Water pollution means that the physical, chemical and biological properties of water are changing. In this study, adsorption was chosen as the treatment method because it is an eco-friendly and low cost approach. Magnetite is a magnetic material that can synthesize chemical precipitation. Magnetite was used for the removal of copper in artificial water samples. For this purpose, metal removal from water dependent on the pH, initial concentration of metal, amount of adsorbent and effect of sorption time were investigated. Magnetite was characterized using XRD, SEM and particle size distribution.
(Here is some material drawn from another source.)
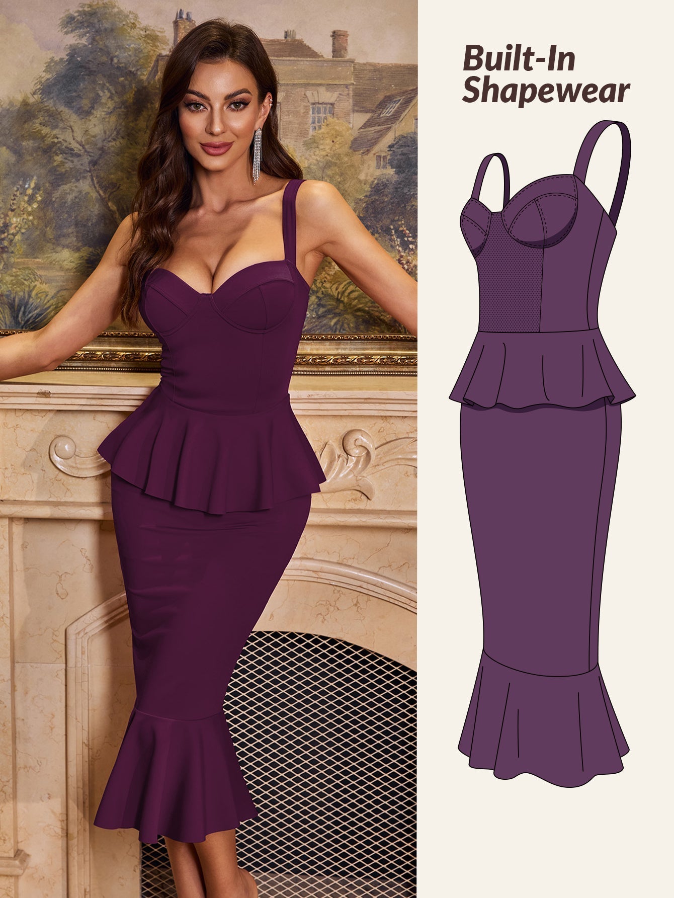Elegant Sophisticated Fitted Built in Shapewear Dress

The copper ions were determined by atomic absorption spectrometry. The adsorption of copper on the magnetite was studied in a batch process, with different aqueous solutions of Cu (II) at concentrations ranging from 10 to $50mg\;l^{-1}$. Optimum conditions for using magnetite were found to be concentration of $10mg\;L^{-1}$, pH: 4.5, contact time: 40 min. Optimum adsorbent was found to be 0.3 gr. Furthermore, adsorption isotherm data were analyzed using the Langmuir and Freundlich equations. The adsorption data fitted well with the Freundlich ($r^2=0.9701$) and Langmuir isotherm ($r^2=0.9711$) equations. Kinetic and equilibrium aspects of the adsorption process were studied. The time-dependent Cu (II) adsorption data were described well by a pseudo-second-order kinetic model.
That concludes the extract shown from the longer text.